Doorgaan naar artikel

Innovatief boeren in Zuid-Amerika

Imbo Agropcuaria melkt 660 koeien op zes Delaval-melkrobots. De melkproductie is nu gemiddeld 34 kilo per dag, over vier jaar moet dat 40 kilo zijn.

Imbo Agropcuaria melkt 660 koeien op zes Delaval-melkrobots. De melkproductie is nu gemiddeld 34 kilo per dag, over vier jaar moet dat 40 kilo zijn.

In Zuid-Amerika groeit de vraag naar zuivelproducten. Tegelijk wordt de consument veeleisender als het gaat om voedselveiligheid, traceerbaarheid, dierenwelzijn en een toenemende bezorgdheid over het milieu.
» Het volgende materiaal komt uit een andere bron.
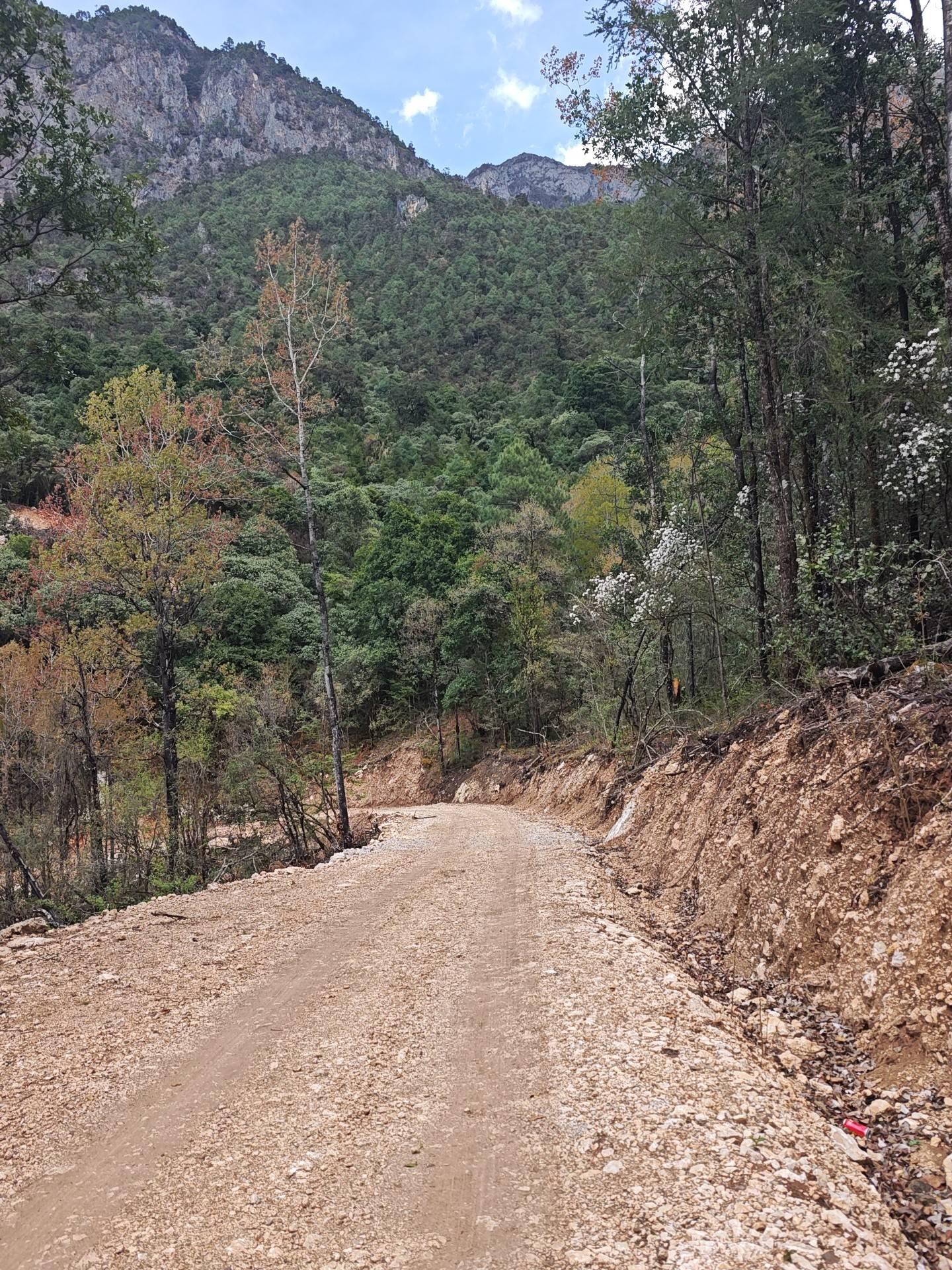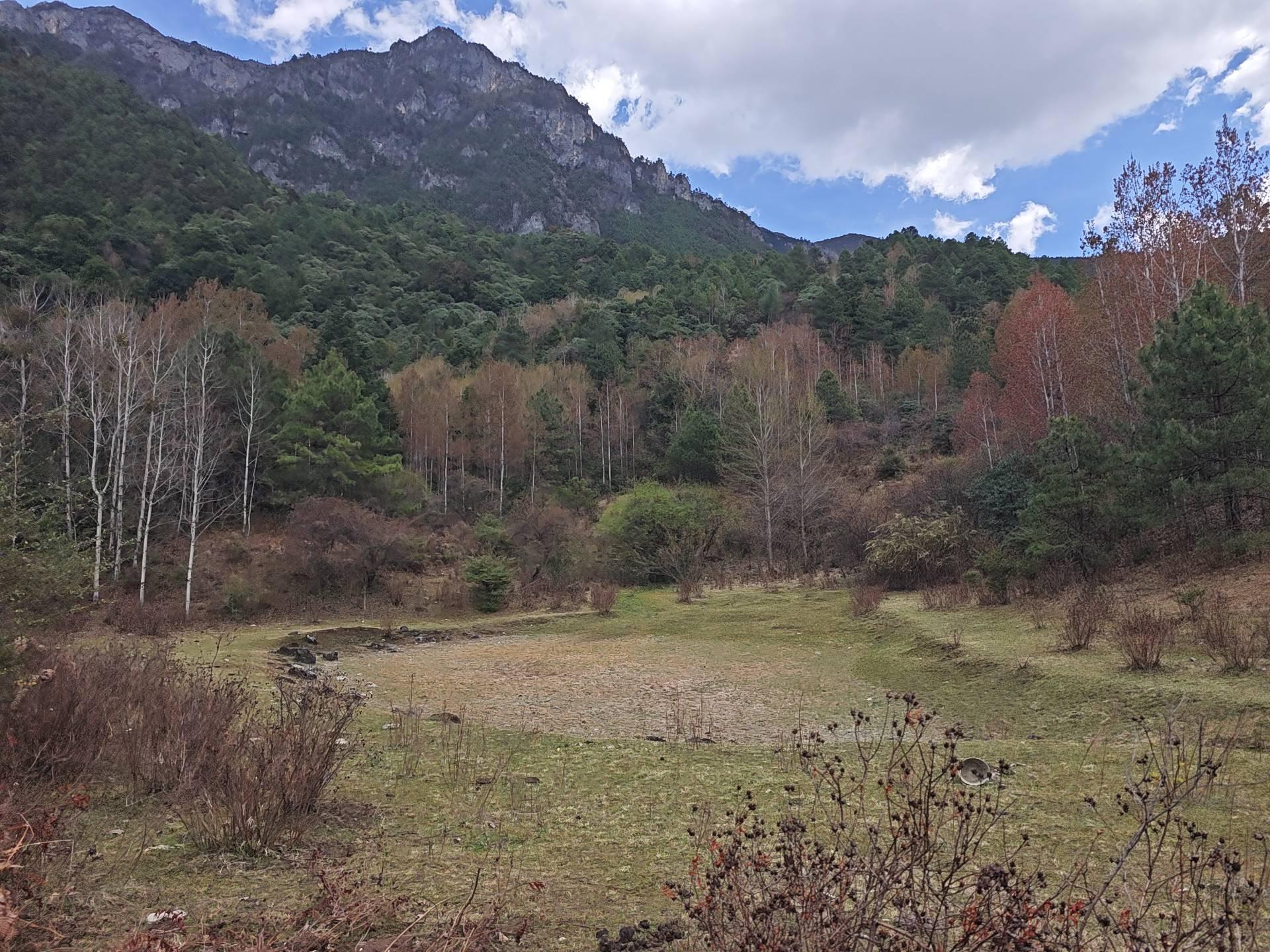 按照计划,我本该沿着水泥路向南前往南尧村,走一个闭环,但当我在垭口向北俯瞰,远远望见山坳里一个村庄,以及虽然看不见但可以脑补到的金沙江时,我改了主意,何妨来一次穿越?金沙江边的公路上,或许可以找车送我到32路起点站吧,即使回不去,不远处有香格里拉经济技术开发区,可以住酒店。总之不会露宿街头。

Innovatie is geen doel op zich, maar wel een manier om de concurrentiekracht van de bedrijven te versterken en is ook een hefboom om tegemoet te komen aan de maatschappelijke uitdagingen. Om de sector te informeren over mogelijke oplossingen is er onlangs in Argentinië een virtuele editie van het International Congress of Dairy Innovation gehouden. Het evenement werd georganiseerd door de handels- en aandelenbeurs Rosario, Rosario Stock Exchange, producent van voedingsmiddelen en duurzame energie – Adecoagro, de Voedselbank van Rosario (BAR) en melkveehouderij Grupo Chiavassa. Belangrijkste doel was voorbeelden te geven van ontwikkelingen in de melkveehouderij met presentaties van drie succesverhalen (Nuestro Agro).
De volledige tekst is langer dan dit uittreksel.